Step 5: Main Function

def main():
    input_file = 'data.csv'
    db_file = 'example.db'
    table_name = 'users'

    print("Extracting data...")
    data = extract_data(input_file)

    print("Transforming data...")
    transformed_data = transform_data(data)

    print("Loading data into the database...")
    load_data(transformed_data, db_file, table_name)

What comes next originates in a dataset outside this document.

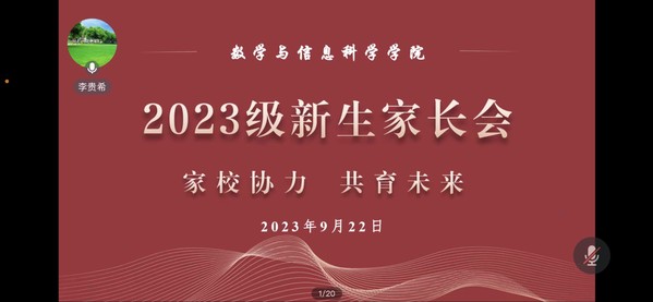 为了更好搭建家校协同育人平台,完善家校沟通机制,提升高校育人质量,922日,数学与信息科学学院召开主题为“家校协力,共育未来”的2023级新生家长会,数学与信息科学学院党总支书记李贵希、数学与信息科学学院院长王兵、数学与信息科学学院党总支副书记丁雯出席和213名学生家长云端会面。

    print("ETL process completed successfully!")
  • Orchestrates the ETL process by calling the extract_data, transform_data, and load_data functions.
  • Prints progress messages to the console.

Run the Script

if __name__ == "__main__":
    main()
  • Ensures the main() function runs only when the script is executed directly (not when imported as a module).

Sample Input (data.csv)

name,age,email
Alice,25,alice@example.com
Bob,17,bob@example.com
Charlie,30,charlie@example.com
Diana,,diana@example.com

Output

  1. A SQLite database (example.db) is created with a table named users.
  2. The table contains the following data:
   NAME     AGE  EMAIL
   ALICE    25   alice@example.com
   CHARLIE  30   charlie@example.com

Key Concepts Learned

  1. ETL (Extract, Transform, Load): A fundamental process in data engineering.
  2. Pandas: A library for data manipulation.
  3. SQLite: A lightweight database for storing data.
  4. Data Cleaning: Handling missing values and filtering rows.
  5. Data Transformation: Modifying columns (e.g., converting to uppercase).